Shedding answers a different question than autoscaling: given finite capacity right now, which requests should we refuse or simplify? That is a product and reliability decision, not only an infrastructure knob.

Vocabulary: shedding, limiting, and throttling

These terms blur in conversation; separating them keeps designs reviewable.

Rate limiting

Rate limiting caps how often a caller may invoke an endpoint, usually per identity or IP. It is fair-use enforcement and abuse control. A well-behaved client under its quota can still spike internally (many users behind one API key) or trigger expensive queries.

Throttling

Throttling slows work—smaller concurrency, longer delays between steps—so average throughput drops without hard failure. It preserves all work eventually if the client waits. It increases queueing, which is dangerous when queues are unbounded.

Load shedding

Load shedding drops or short-circuits work when the system is under stress. Clients receive 503 Service Unavailable, 429 Too Many Requests with Retry-After, or a degraded response (cached snapshot, partial payload). The goal is to fail fast for low-priority traffic so high-priority traffic retains CPU, sockets, and pool slots.

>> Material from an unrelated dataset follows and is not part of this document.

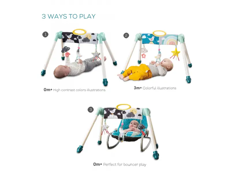 Horný panel hrazdy aj zavesené hračky ponúkajú dve strany pre dve vývojové štádiá dieťaťa: Pre dieťa od narodenia je určená strana s vysoko kontrastnými čierno-bielymi ilustráciami, pre dieťa od 3 mesiacov potom strana s veselými farebnými obrázkami.

You typically need all three: limits for fairness, throttles for smooth background pipelines, and shedding for survival during incidents.

Signals: what to measure before you shed

Shedding on the wrong signal creates flapping (accept, reject, accept) or silent starvation. Good controllers combine local and dependency signals.

Local signals

• Event-loop lag (Node.js): sustained lag often predicts imminent timeouts better than CPU alone on I/O-heavy services.
• Process memory and GC pressure: approaching limits, shed before the OOM killer does it randomly.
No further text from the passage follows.